Good to finally have some details. Those details, it turns out, are worrying.
My prime concern upon reading this summary is that there were two *separate* breaches, one for
the Fedora servers, and one for the Red Hat servers. It seems reasonable to presume that this
isn't a coincidence, for two such successful attacks to occur in close proximity. So, this is
a targeted effort against both Red Hat and Fedora, which by itself worries me.
In addition, this appears to be a serious breach in the sense that it isn't incidental to one
particular machine. That is, it seems most reasonable that the same attack method worked on
both targets. To me this implies that it wasn't a socially-engineered stealing of a password
to an account on one of the machines, as this wouldn't work for the other - unless a single
user has accounts on both, with the *same* password (not a good idea in general, but many of
us fall prey to this sort of thing...). If not, then the attackers have a method that works
against both the Fedora and Red Hat servers; it is possible that they have in their hands
details of a security vulnerability shared between these systems, which appears to me to imply
that it might be present in lots of systems around the world.
All of that said, it does appear Red Hat/Fedora are taking these intrusions seriously, and
that little actual damage has been done, that is the good news here as I see things.
Posted Aug 22, 2008 15:15 UTC (Fri) by JoeBuck (subscriber, #2330)
[Link]
Probably only one breach, since Red Hat provides Fedora's infrastructure.
What happened with Fedora - and Red Hat too
Posted Aug 22, 2008 15:19 UTC (Fri) by kripkenstein (subscriber, #43281)
[Link]
Sure, could be - I really don't know. But I still tend to doubt that the same server is used
for both Fedora and Red Hat in their infrastructure for the functionality that was breached.
And given how much space was spent in the official summary about how the two breaches are
separate, I tend to presume we are talking about separate servers. But I hope that's
incorrect, and I presume we'll find out soon enough.
What happened with Fedora - and Red Hat too
Posted Aug 22, 2008 16:37 UTC (Fri) by elanthis (guest, #6227)
[Link]
It could have been a single Red Hat employee who let his key or passphrase get stolen. If he
had access to both Red Hat and Fedora systems, well... there you go.

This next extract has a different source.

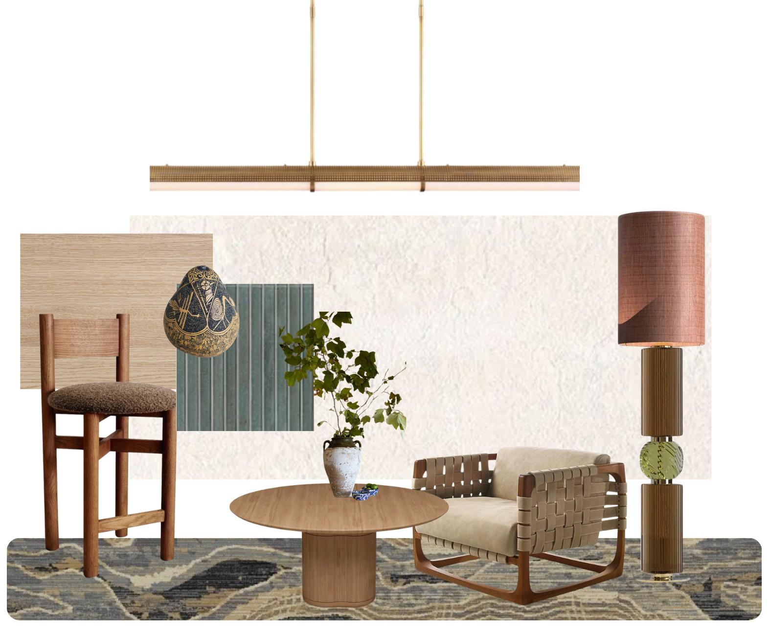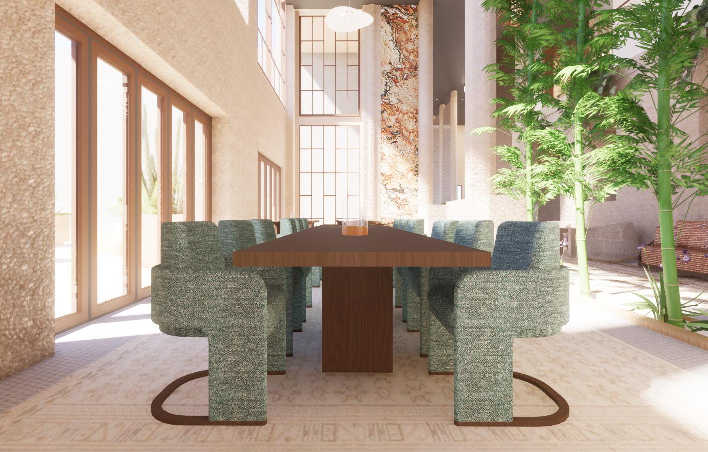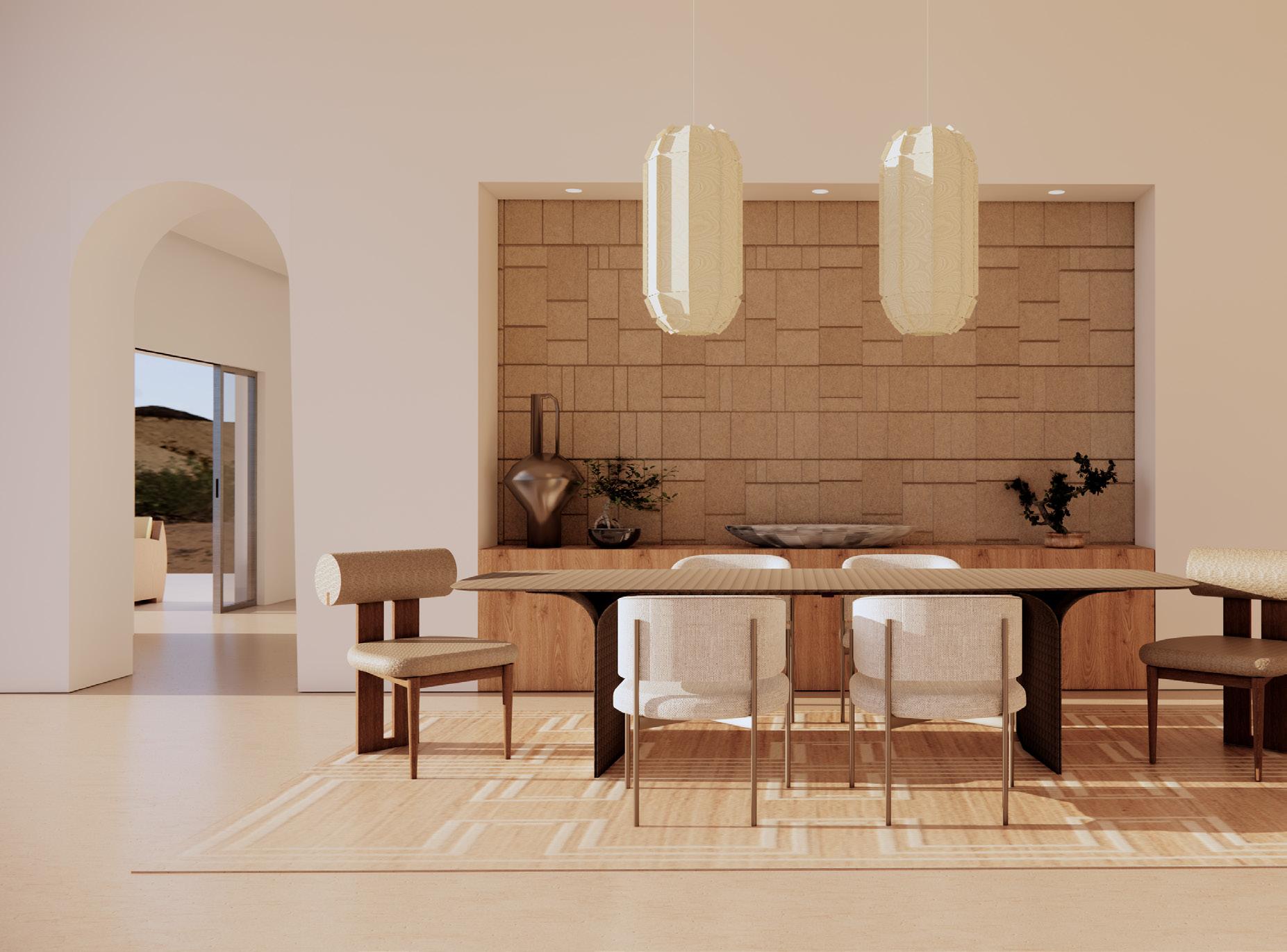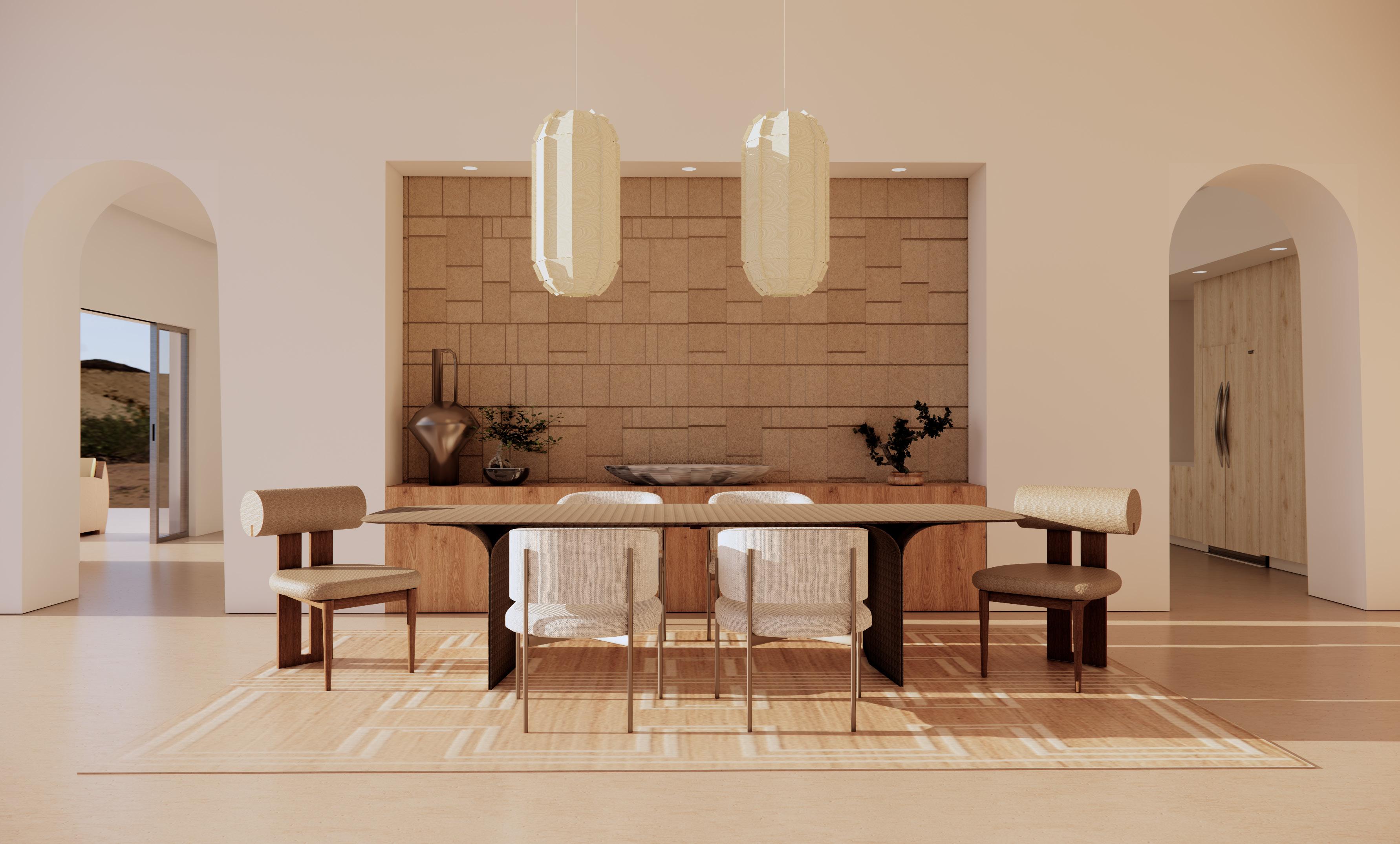 My intention was to lead with organic materials and soft geometry. The dining table anchors the dining room with sculptural, curved legs that feel substantial but not heavy; Paired with a mix of seating to keep the space from feeling too formal or rigid. The upholstered chairs bring lightness and comfort, while the solid wood armchairs at the ends add warmth and a sense of craftsmanship. Its color paletteālayering sand, clay, and warm neutral tones to echo the surrounding environment. The textures do most of the work here: natural wood grain, woven upholstery, and the subtle pattern of the area rug create depth without visual clutter. The rug also helps define the dining zone while reinforcing the roomās strong architectural lines.

What happened with Fedora - and Red Hat too
Posted Aug 22, 2008 16:39 UTC (Fri) by Ed_L. (guest, #24287)
[Link]
I presume we will find out "soon enough" as well. However, given that in all likely hood RedHat/Fedora have the best security in the business, I would not presume we will find out before Red Hat quietly shares at least some details with its erstwhile competitors and sometime collaborators e.g. Debian, Gentoo, Mandriva, Canonical, Freespire, SuSE...
What happened with Fedora - and Red Hat too
Posted Aug 22, 2008 17:23 UTC (Fri) by drag (subscriber, #31333)
[Link]
Usually the human is the weakest link in any security system.

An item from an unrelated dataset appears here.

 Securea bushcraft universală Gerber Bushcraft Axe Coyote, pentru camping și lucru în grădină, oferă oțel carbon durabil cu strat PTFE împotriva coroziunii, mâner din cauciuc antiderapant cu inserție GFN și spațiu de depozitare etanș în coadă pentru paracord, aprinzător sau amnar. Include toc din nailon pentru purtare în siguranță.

It's very likely that the attacker gained access to a account using social engineering or by
bad ssh habits on the part of a Fedora developer.
What happened with Fedora - and Red Hat too
Posted Aug 25, 2008 0:56 UTC (Mon) by jamesh (guest, #1159)
[Link]
> To me this implies that it wasn't a socially-engineered stealing of
> a password to an account on one of the machines, as this wouldn't
> work for the other - unless a single user has accounts on both, with
> the *same* password (not a good idea in general, but many of us fall
> prey to this sort of thing...).
It isn't uncommon for large organisations to have shared authentication systems distributed via LDAP or similar, so having the same password on multiple boxes is not that surprising.
Also, it isn't uncommon for people to use the same SSH key pair to log into multiple servers, so that is another possible explanation for both RH and Fedora infrastructure being breached in a single attack.